11th UN Crime Congress

Workshop 2: Enhancing Criminal Justice Reform, including Restorative Justice
Friday April 22, 2005   Bangkok, Thailand

Organized by The International Centre for Criminal Law Reform and Criminal Justice Policy with the support of the Department of Justice Canada

In recent years there has been interest in discovering and promoting new ways that would serve to enhance the administration of justice worldwide.  These modern reforms to justice have stemmed from the belief that the existing criminal justice systems are seriously limited in their ability to respond to demands for justice made by accused people, prisoners, witnesses, victims, populations such as women, children, indigenous peoples, various minorities, local communities, specific nations as well as the international community.

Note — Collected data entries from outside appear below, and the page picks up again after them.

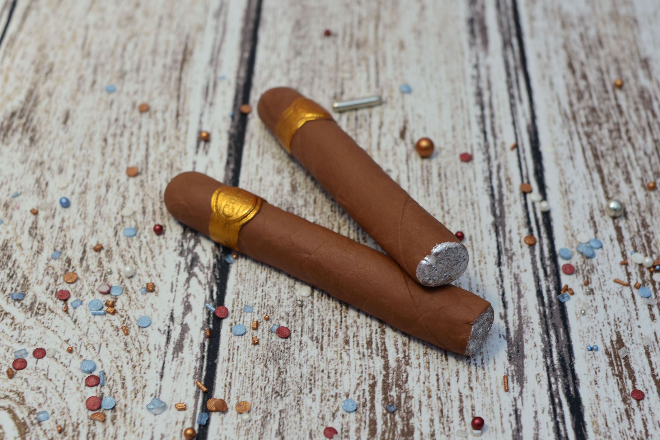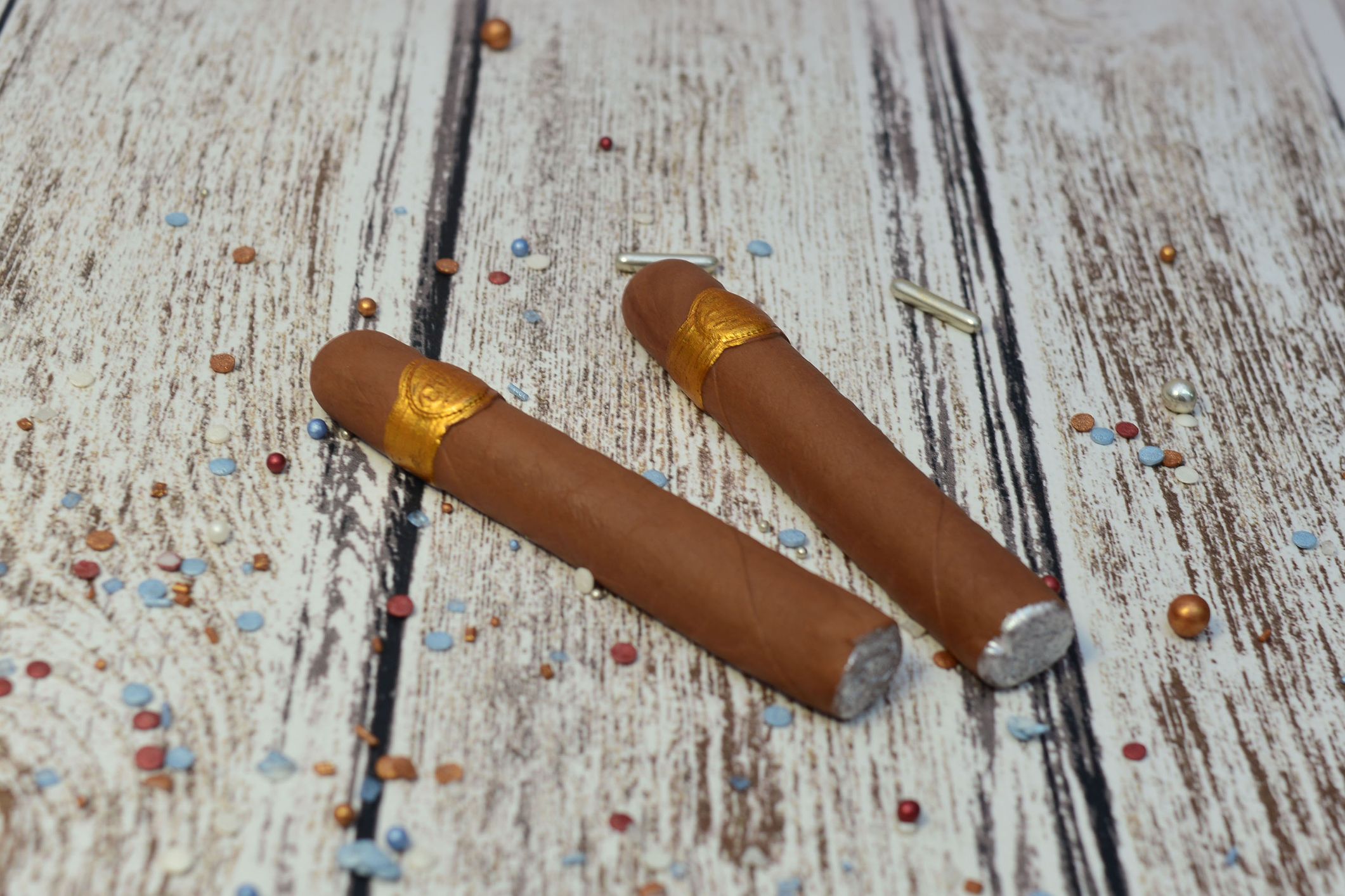 Ręcznie wykonany z masy cukrowej zestaw 2 szt cygar, idealny jako dekoracja tortów i innych słodkości na męskie przyjęcia. Każde cygaro posiada złotą banderolę, która dodaje całości elegancji i podkreśla styl dekoracji. Końcówka została wykonana z efektem realistycznego popiołu, co dodatkowo podkreśla jej autentyczny wygląd.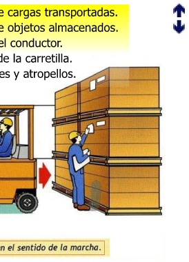 RIESGOS Caída de cargas transportadas. Caída de objetos almacenados. Caída del conductor. Vuelco de la carretilla. Colisiones y atropellos. VER SENTIDO MARCHA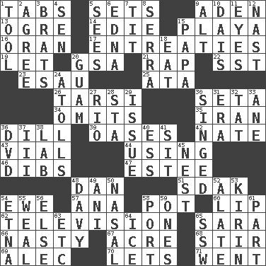 ACROSS 1. Bar bills 5. Arranges properly for use 9. Arabian gulf 13. Legendary monster 14. Singer Brickell 15. Beach, in Buenos Aires 16. Northwest Algerian city 17. Pleas 19. Allow 20. Girls' org. (abbr.) 21. Reproach for some lapse or misdeed 22. Fast jet (abbr.) 23. Son of Isaac 25. _ moment's notice (2 wds.) 26. Tarsus (plural) 30. Stalk of a moss capsule 34. Leaves out 35. SW Asia republic 36. Deli pickle 39. Fertile tracts in a desert 42. Nathan's nickname 43. Small bottle 44. Putting into practice 46. Rights 47. First name in cosmetics 48. Daniel's nick name 51. Neighbor of Neb. 54. She-sheep 57. Santa ___, CA 58. Cooking vessel 60. Mouth edge 62. Household entertainment appliance 65. "Two Mules for Sister ____" 66. Offensive 67. 43,560 square feet 68. Use a swizzle stick 69. Actor Baldwin 70. Allows 71. Gone DOWN 1. Utensil 2. Match 3. Naughty children 4. Elected rep. 5. Observes 6. Pulitzer Prize-winning author Ferber 7. Teat (slang) 8. Spanish missionary in California 9. Keyboard modifier key 10. Raised platform 11. Snake ____ (dice throw) 12. Political cartoonist Thomas 15. Dad 18. Ingest 20. Island territory of the United States 24. Ringlike coral islands and reefs 27. _ de Janeiro 28. R.R. building 29. Come out of 30. Burned superficially 31. Epoch 32. Make lace 33. A saturated hydrocarbon 36. Movie disc 37. One more than two 38. Experiment locale 40. Double-curved letter 41. Be seated 45. A home for chicks 48. American folk hero Crockett 49. Black tropical American cuckoo 50. Relating to the nose 52. Having winglike extensions 53. Japanese brewing company 54. Inactive volcano in Sicily 55. Welt 56. Otherwise 58. Sweet dark-red dessert wine 59. Singles 61. Role in a play 63. And so on (abbr.) 64. Frozen water 65. Compass dir.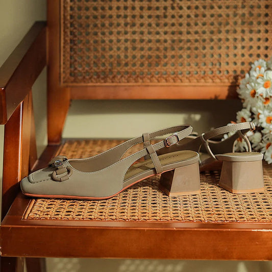Salto Grosso com Tira Atrás, Biqueira Quadrada, Bloco de Cores Elegante e Respirável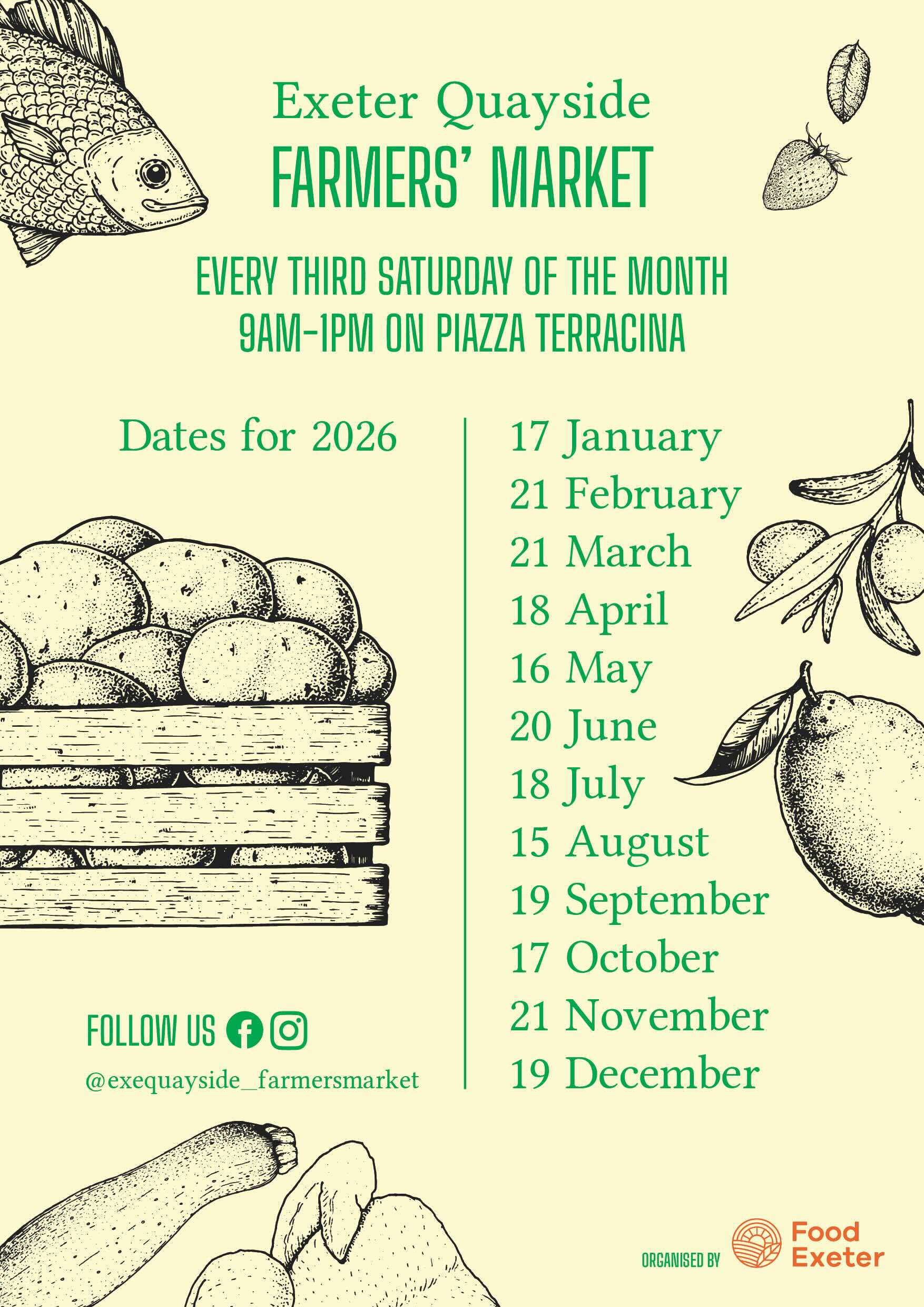 Come and visit the new Exeter Quayside Farmers’ Market from 9am to 1pm, every 3rd Saturday of the month down at the Piazza Terracina!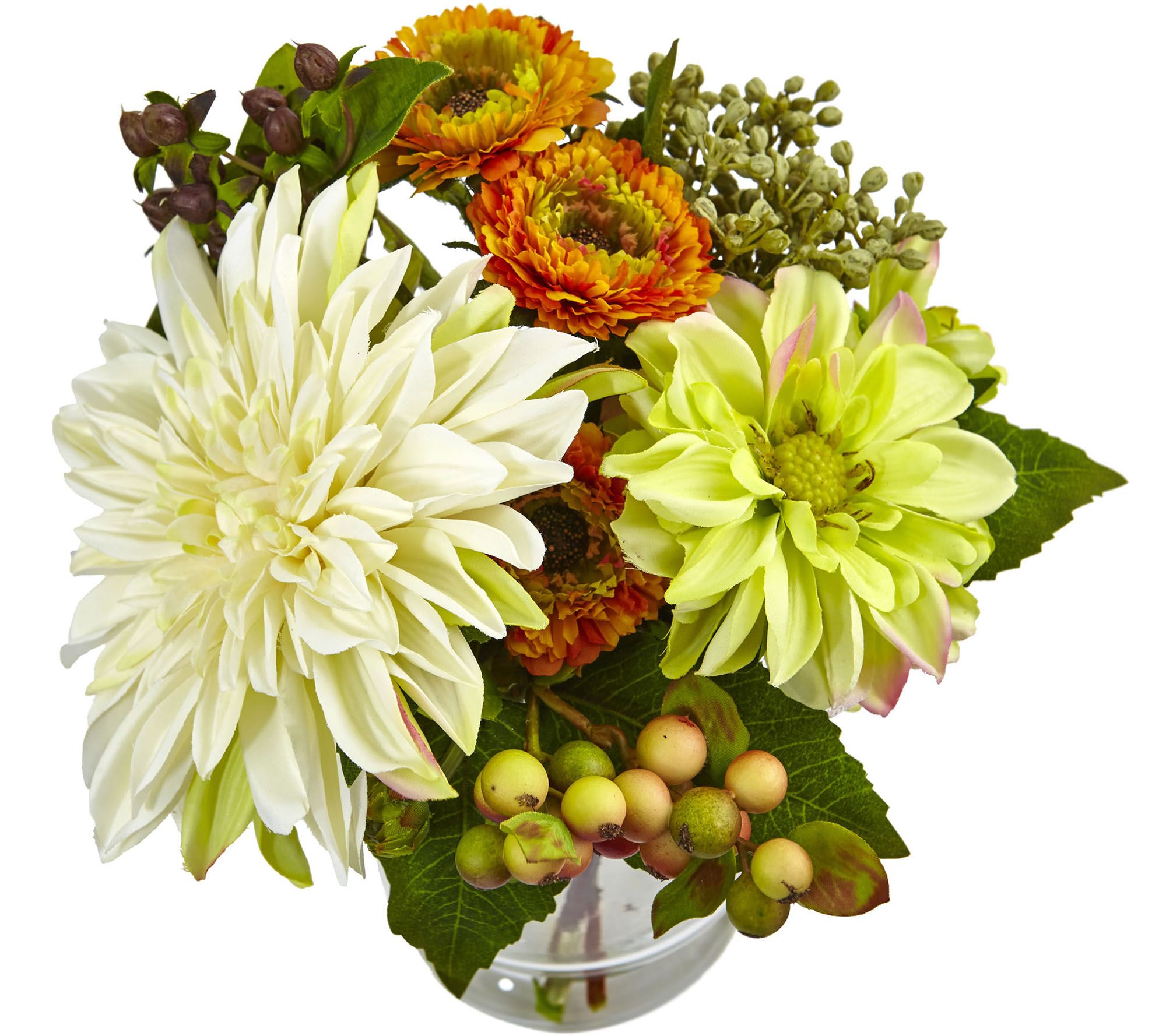 • Lifelike dahlias and mums in a glass vase with faux water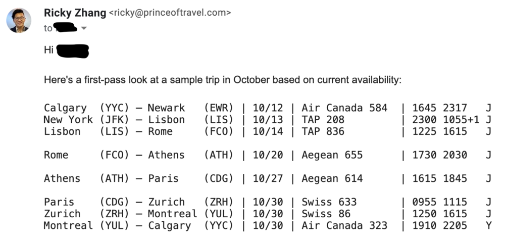 My turnaround time may be a little slow these days given the volume of requests, but rest assured that I’ll be able to present you with a valid itinerary to call Aeroplan and book before the August 31 deadline. This sweet spot has given me some of the best travel memories of my life, so I’m fully committed to helping as many people as possible experience the same thing.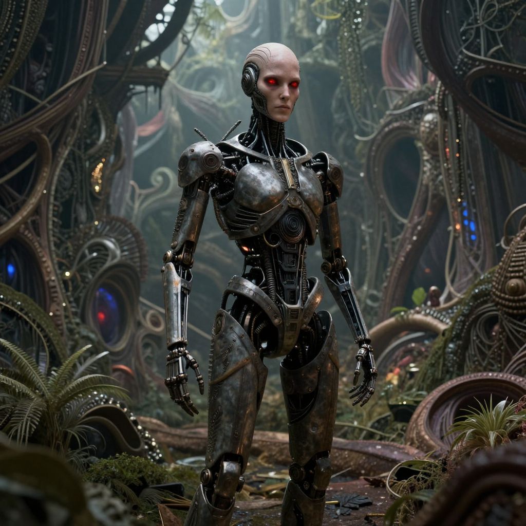 Digital sci-fi artwork: A sleek, metallic android with red eyes stands in a dark, organic, futuristic forest filled with twisted, glowing vegetation.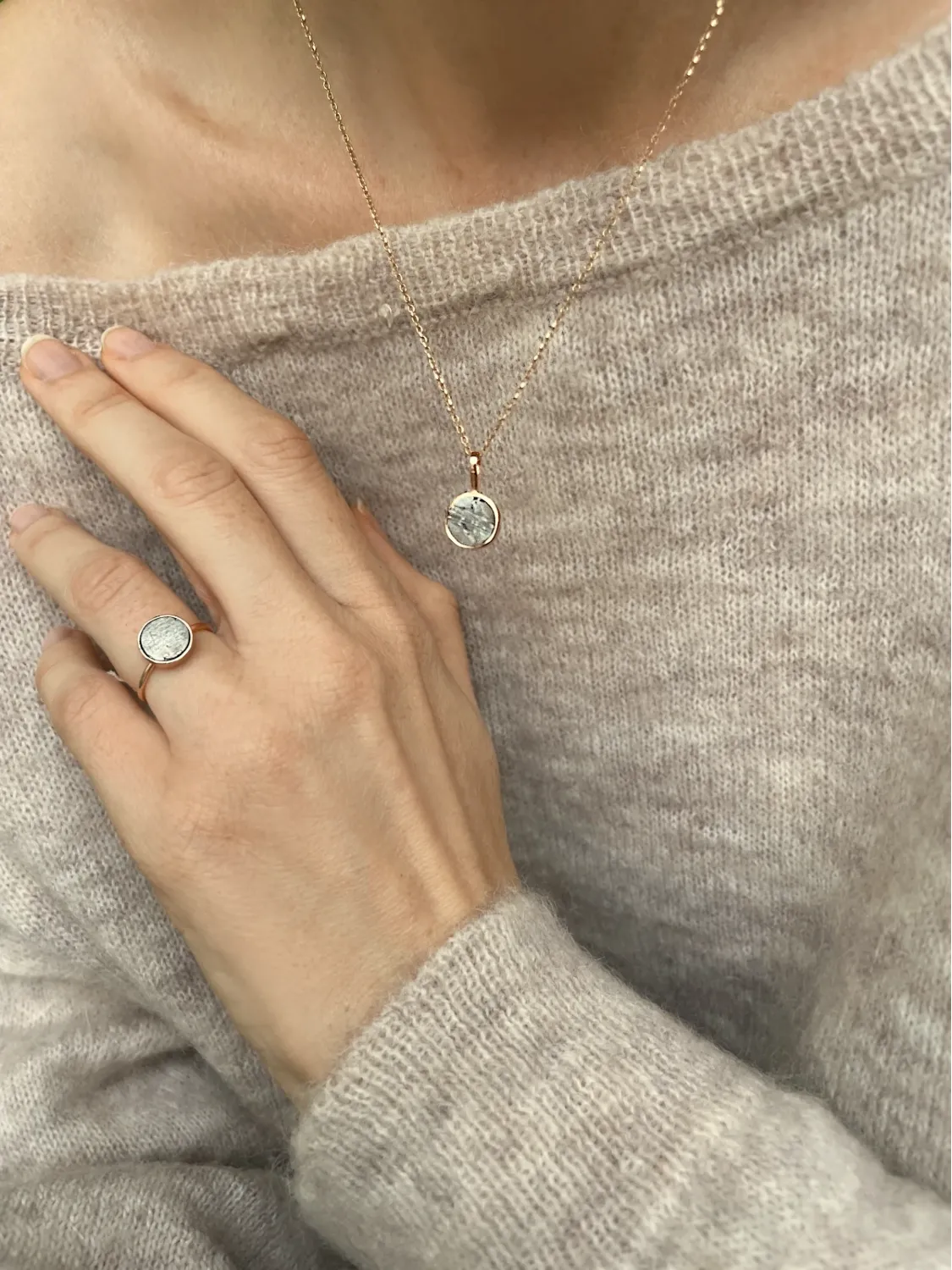 Each meteorite is one of a kind and may contain natural inclusions and micro-cracks. Over time, its surface may subtly evolve, creating a personal bond with the person who wears it.

Workshop 2 will help identify some of the many challenges now facing criminal justice administration, offer a comprehensive review of current international, regional and domestic efforts to enhance criminal justice reforms and encourage a discussion of recent world-wide experience in improving the administration of justice.  The workshop will give particular attention to the effects of criminal justice on the most vulnerable people, in particular women, children, indigenous peoples, and those from the poorer social strata.  It will also attempt to identify best practices in criminal justice reform, implement restorative justice approaches, develop alternatives to imprisonment and solutions to the problem of prison overcrowding, and incorporate United Nations standards and norms relating to children in conflict with the law and restorative justice.  It will also review restorative justice programmes as a means of taking into account the concerns of victims of crime.